Since they convey such important messages, dress codes are a central element to professions that ‘sell an expertise’. Yet, as we have seen, dress codes tend to remain implicit in financial professions. How can such an important part be apparently let uncontrolled?
- Informal constraints
Being not formally defined does not mean that there are no mechanisms constraining how professionals dress. Dress codes can be strongly enforced as well as tacitly supported. Their implicit nature in our case renders constraints informal, although always present and sometimes harsh. As an investment banker in Paris told us:
“We have no formal obligations; we are just supposed to dress appropriately. But if you don’t respect that, the most you’re going to get shouldn’t go further than a remark. Maybe mockeries but nothing worst. But sometimes it is organized. I remember in my last position – you’re going to like this anecdote – we had a casual Friday. However, it was sometimes a bit out of control with people arriving late and dress very very casually. So my boss established a new rule. He sent an email saying that from now on, he was creating a commission to designate every Friday the two employees that were the latest and the most poorly dressed. These people had to buy lunch for the whole floor. We were thirty, thirty-five people in my floor. To show his good faith he paid the first time. Well, I was nominated once because of a stain on my sweater I didn’t see… That was the last time I wore it… “
« Once, one of my interns was wearing a pocket scarf on his jacket. I wasn’t there this morning but when my partner saw him, I heard that he really didn’t appreciate. Apparently, he told him in front of the entire open space that he should learn to stay at his place. We are supposed to remain low-key with client you know, so you can understand why the partner was upset. None of the interns are thinking about wearing that kind of accessory now. »

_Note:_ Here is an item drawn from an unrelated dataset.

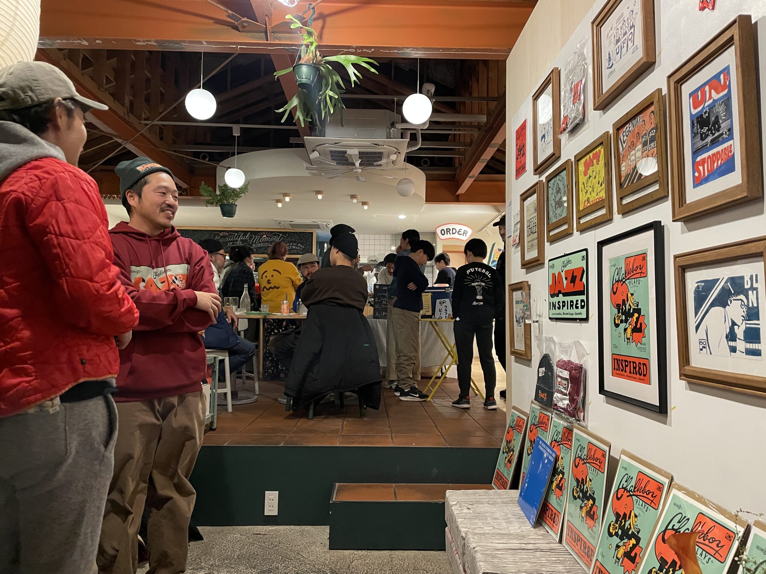 金曜日。仕事を終わらせて向かった先は、鎌倉にある「EENY」。手書きアーティスト・チョークボーイとして大活躍のよっしーの個展初日、なんとしても滑り込みたい。よっしーは、大阪ビブリオテーク時代の同僚であり、友人でもある。しかも、同じく大阪時代の大先輩、絵本作家・谷口さんも来るというではないか!ちょっとした同窓会のよう!もちろんいつも通り安定の塚ちゃんもいる笑。そして、嬉しいことによっしーのパートナー、のわちゃんもいた!(のわちゃんも大阪時代の仲間なのです。)何年たってもおんなじ話でお腹かかえて笑えるのってほんまに幸せなことやな。

Dressing appropriately is part of the socialization and any young professional learns, sooner or later, how to dress by looking and trying (and sometimes failing). Having the proper outfit allows for a quicker, better integration within the community. For this reason, dress codes are already enacted in the recruitment process.
- Dressing professional for the interview
Knowing how to dress for an interview is a universal problematic for every candidate, whether young student or older professional. Considering the importance of dress codes within organizations and professions, it is logically present during recruitments.
« The recruitment interview goes more smoothly when the candidate shows that he is capable of respecting the code, to make an effort to respect the expectations. Candidates have to keep in mind that human resources tend to be a bit strict so they should try to respect the dress code, at least a minimum, and show it. Moreover, knowing that you are dressed appropriately gives you confidence, you feel legitimate. But by the end, you are just showing that you are willing to fit into the pattern. »
« I hate interviews in which the candidate isn’t well dressed. How hard is it to pay attention!? I do it everyday, they can do it once for the interview, right? »
The role of dress codes in interviews is as informal as these dress codes are. However, they are as much omnipresent. By dressing appropriately, candidates show that, beyond their competences, they are able and willing to integrate the community, to join the team. There is a challenge there and more generally in dress codes, on how to express one’s personality and identity while complying with generic ways of dressing.
- Dress codes, social identities and genders
There is a tension between compliance to a generic dress code and a sense of identity expressed through outfits. If professionals have to dress accordingly to look so, how can they also be themselves? Do they have to lose their personality to enter their profession? The ideal ‘sons-in-law’ in audit manage to remain themselves while dressing appropriately:
« I like to accessorize, discreetly of course. I often wear cufflink and since almost no one sees them, I can go a little nut. I am not really into watches but lots of my colleagues are like collectors. But the watch is a little too ‘bling bling’ for my taste. In audit, you cannot really express who you are in a too visual manner. We do a discreet and serious job, we have to be discreet and serious. »
« How you dress shows who you are. »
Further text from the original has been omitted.